The UK government has launched a venture fund for investing in domestic AI startups, part of a bid to minimize the country’s dependence on foreign-made technology.
The fund, Sovereign AI, will invest roughly $675 million in homegrown startups in fields ranging from model development, to agentic AI, to drug discovery. In addition, portfolio startups will gain access to the UK’s fleet of supercomputers, free visas for international hires, procurement opportunities, and advice from specialists within government.
Sovereign AI will be led by James Wise, a partner at VC firm Balterdon Capital, and Joséphine Kant, formerly of Dogwood Ventures and Y Combinator, an accelerator program whose funding helped establish OpenAI.
On Thursday, the fund announced an investment in Callosum, a startup developing software that helps different classes of processors to function effectively alongside one another. The fund has awarded a further six startups—Prima Mente, Cosine, Cursive, Doubleword, Twig Bio, and Odyssey—up to one million GPU hours worth of compute each on the UK’s supercomputer network. They will use that compute to train new models and run simulations.

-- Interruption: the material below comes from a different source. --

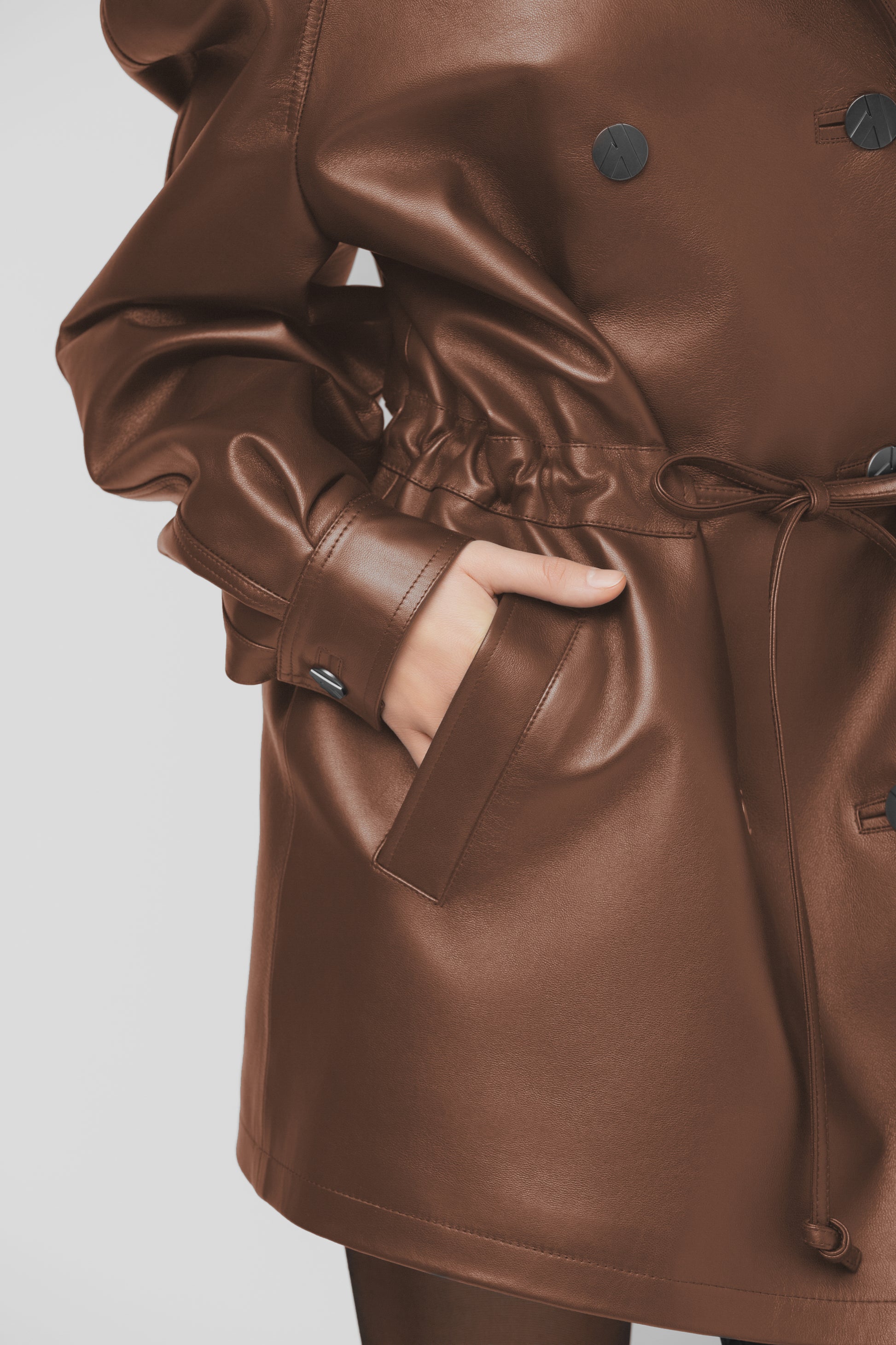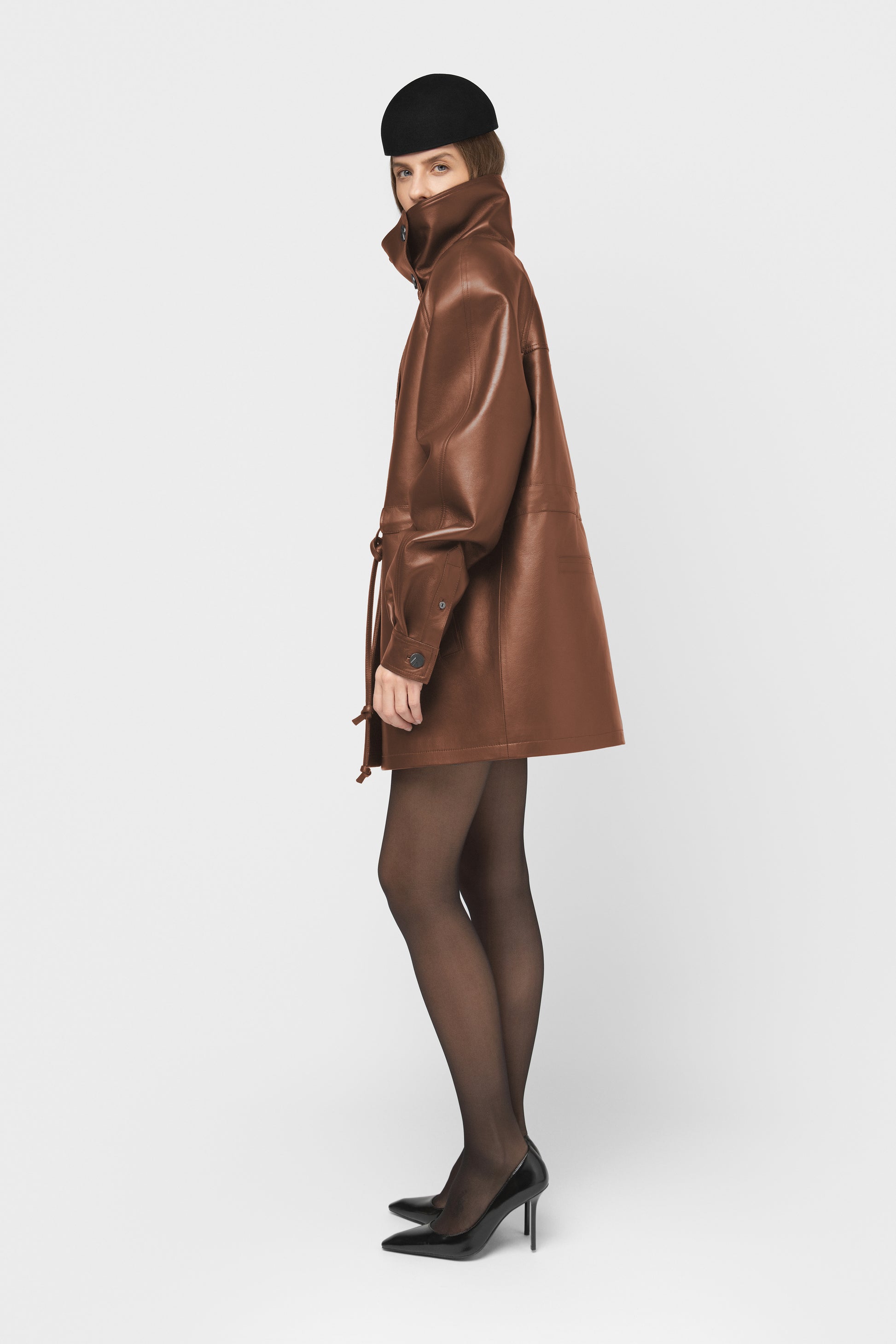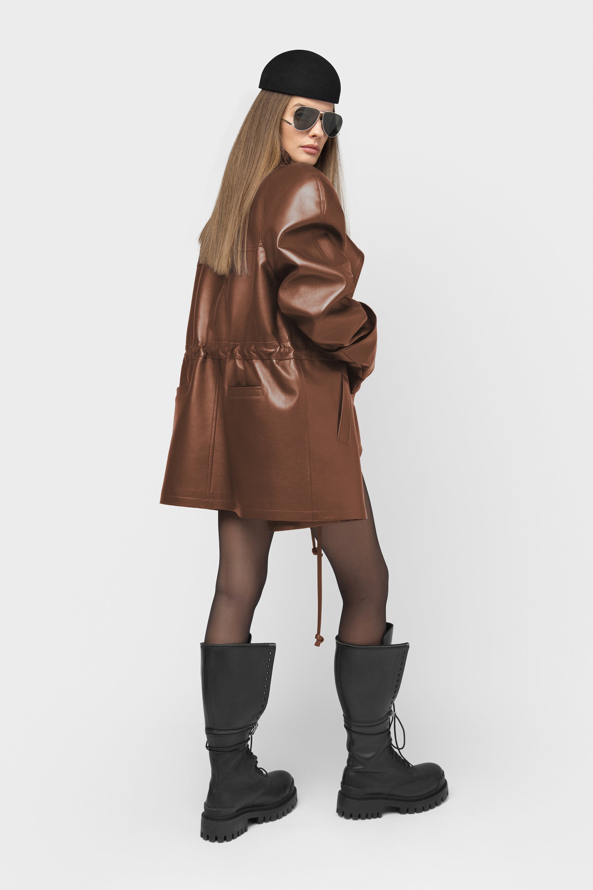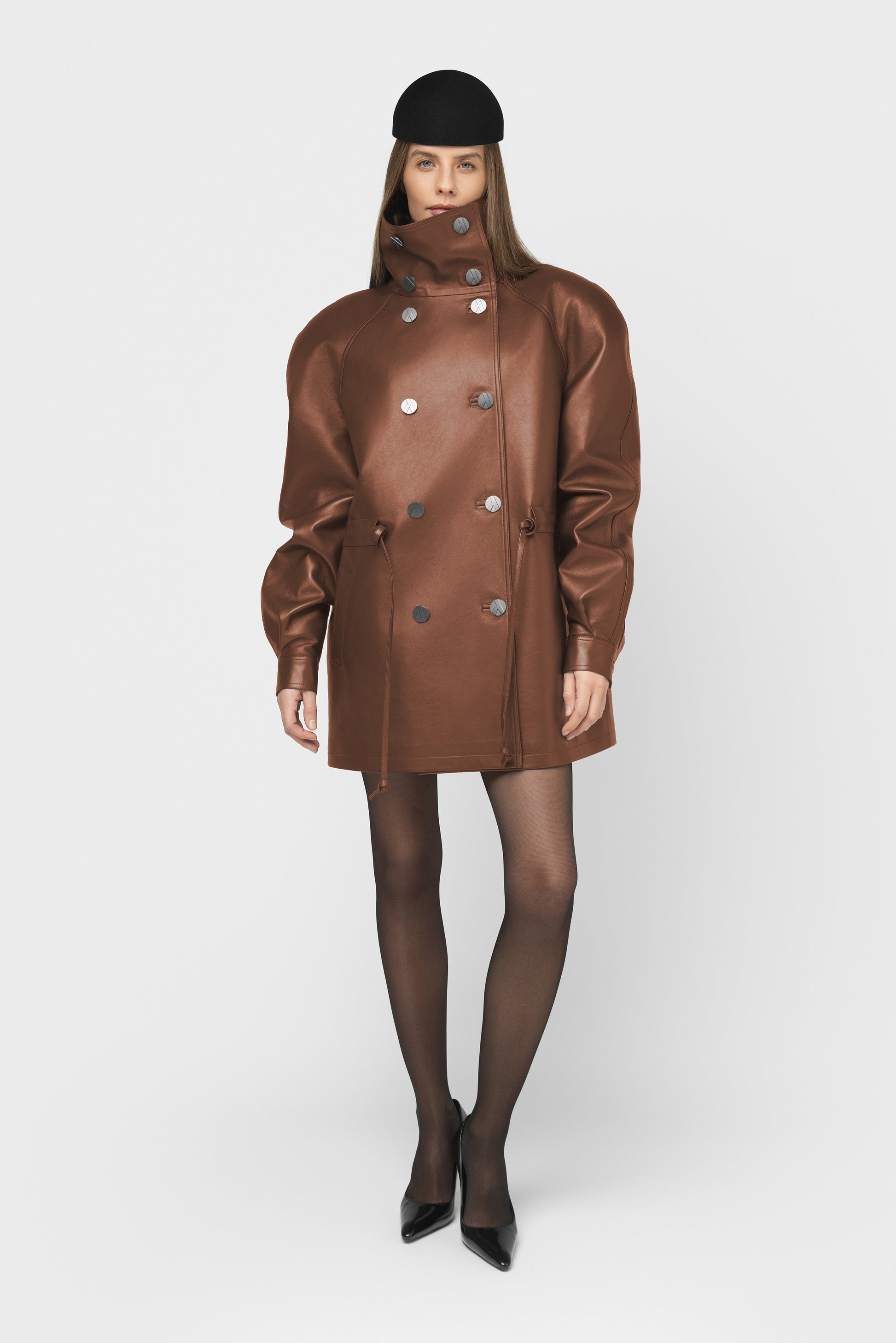 Moderni ir struktūruota pašiltinta striukė, pasiūta iš aukštos kokybės natūralios itališkos odos. Kaštono spalvos modelis su dvigubu užsegimu, aukšta apykakle ir dekoratyvinėmis vardinėmis sagomis. Vidus pašiltintas komfortui vėsesniu oru, pamušale – subtiliai išsiuvinėtas logotipas, liudijantis išskirtinį dėmesį detalėms. Paslėpti raišteliai ir šoninės kišenės užbaigia švarų, modernų siluetą. FORMA – tai tvirtas miesto stiliaus pareiškimas kasdienai ir ypatingoms progoms.

“Sovereign AI is unlike anything Government has ever done before. Its unique approach will help break down the barriers that have too often held back British enterprise and innovation,” said Liz Kendall, the UK’s technology secretary, in a statement. “This is how we ensure Britain’s economic prosperity and national security in the modern age.”
The venture fund is one piece of the UK’s broader plan to use AI to spur economic growth, first outlined in January 2025. Under the plan, the government intends to “position the UK to be an AI maker, not an AI taker.”
Though the UK is home to prominent companies like Google DeepMind, ARM, and Wayve, critical segments of the AI production line—particularly semiconductor design and manufacturing, and model development—are dominated by rivals predominantly located in the United States and Asia.
By investing in domestic capabilities, the UK hopes to capture a larger portion of the hundreds of billions of dollars flowing into the AI sector, while minimizing a dependence on foreign technology that may become a liability in future negotiations with trading partners.
“We have been too gullible to the narrative that innovation is done in the US—that we lost the AI train and should not even think about it,” Rosaria Taddeo, a professor of digital ethics and defense technologies at the University of Oxford, told WIRED in January. “That’s a dangerous narrative.”
It is highly unlikely that the UK could become entirely self-sufficient in AI, experts say, particularly with respect to general-purpose model development, a field dominated by US-based OpenAI, Anthropic, and Google. An isolationist approach, they warn, would risk lumbering the country with inferior and more expensive AI products. Instead, Sovereign AI fund will focus on investing in domestic startups capable of commanding sections of the global AI supply chain.
“Even the US and China are going to be dependent on other folks,” says Keegan McBride, director of science and technology at the Tony Blair Institute, a think tank founded by the former UK prime minister. “The question is, if the world is irreversibly interdependent, how do you build the best possible position?”
The UK would be best served, claims McBride, by targeted investment in startups with a chance of becoming indispensable in a particular niche—say, specialized AI inference hardware or data center energy optimization—and those developing AI-based applications. “There’s a lot still up for grabs,” says McBride.
The sum available to Sovereign AI to invest is small in comparison to the hundreds of billions that the largest AI companies are spending on development. But as a co-investor alongside private VC firms, able to supply auxiliary benefits like access to compute, the new fund could become an invaluable partner to founders trying to bridge research concepts into viable businesses, says Tom Wilson, partner at London-based VC firm Seedcamp.
“It’s a massive opportunity for some of the defining companies of future generations to be started here,” says Wilson. “I don’t think [the new fund] will necessarily be the defining factor. But it’ll be a hugely beneficial piece, if invested in the best possible way.”